We find no cause sufficient to invalidate the proceedings had in the trial court. We note
that this issue was brought up by the appellant insurance company for the first time only in
its motion for reconsideration filed in the Court of Appeals. It was not raised in the trial
court, where the defect could still be remedied. This circumstance precludes ventilation of
the issue of validity of the hearing at this stage; for, if such irregularity is to vitiate the
proceeding, the question should have been seasonably raised, i.e., either before the parties
proceeded with the hearing or before the court handed down its ruling. 4 It is a procedural
point that can be waived by consent of the parties, express or implied. 5
For the same reason, appellant cannot insist now on the annulment of the proceeding on
the basis of alleged lack of written consent of the parties to the commission, or of an
order appointing the clerk as commissioner, or of notice of the submission of his report to
the court.
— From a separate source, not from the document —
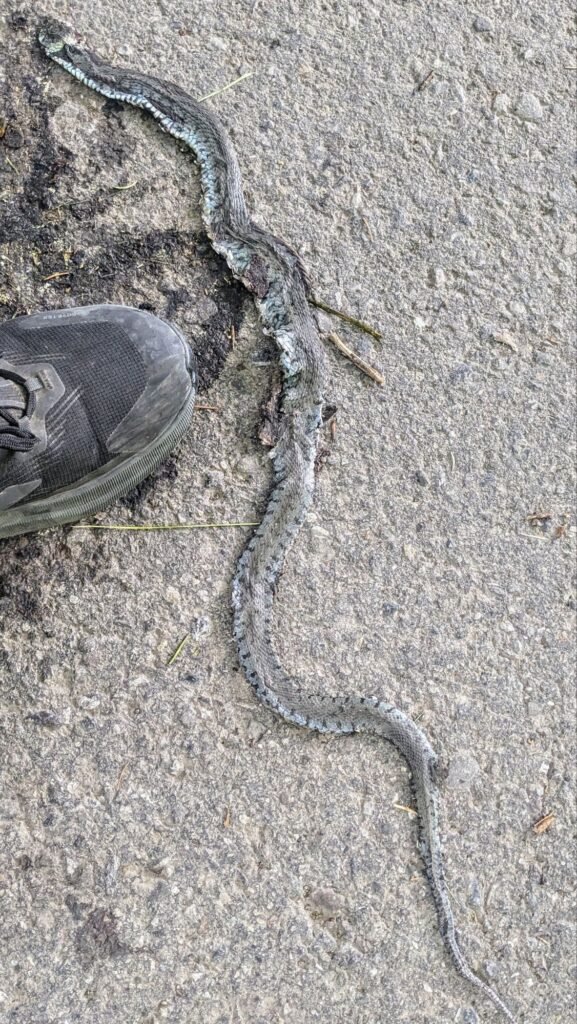 Alpine Chough, Jungfrau Alps, SwitzA. Chough ( departing view) Water Pippit ( a/c to Merlin app ID of its song) Red Holstein (and friend), MürrenGrass snake – Natrix Helvetica (extant)…..and very much deceased (Grindelwald)Alpine Blue ( beautiful plumage) OeschinenseeSwallowtail OeschinenseeRed Holstein ( real) Oeschinensee

Furthermore, appellant has presented no proof that the clerk of court committed
any mistake or abuse in the performance of the task entrusted to him, or that the trial court
was not able to properly appreciate the evidence in the case because it was received by
another person. If indeed there were errors at all, they would be non-prejudicial and could
not justify the holding of a new trial, as urged by herein petitioner. 6
WHEREFORE, the decision of the Court of Appeals is affirmed, with costs against appellant
CCC Insurance Corporation.
Concepcion, C.J., Dizon, Makalintal, Zaldivar, Sanchez, Castro, Fernando, Teehankee and
CD Technologies Asia, Inc. © 2017 cdasiaonline.com
Barredo, JJ., concur.
Footnotes

1. Subsequently replaced by Republic Act No. 4136 (1967).

2. T.s.n., page 4; Record on Appeal, pages 36-88; Appellant's Brief, pages 15-16.
3. Province of Pangasinan vs. Palisoc, (1962) 6 SCRA 300; Cruz vs. Malabayabas, 105
Phil. 708.

4. Perlas vs. Ehrman, 53 Phil. 607.


5. Luzon Stevedoring Corp. vs. PSC, I-5458, 16 September 1953; also Santos vs. De
Guzman, 45 Phil. 646.
6. See Gayon vs. Ubaldo, L-7650, 28 December 1955.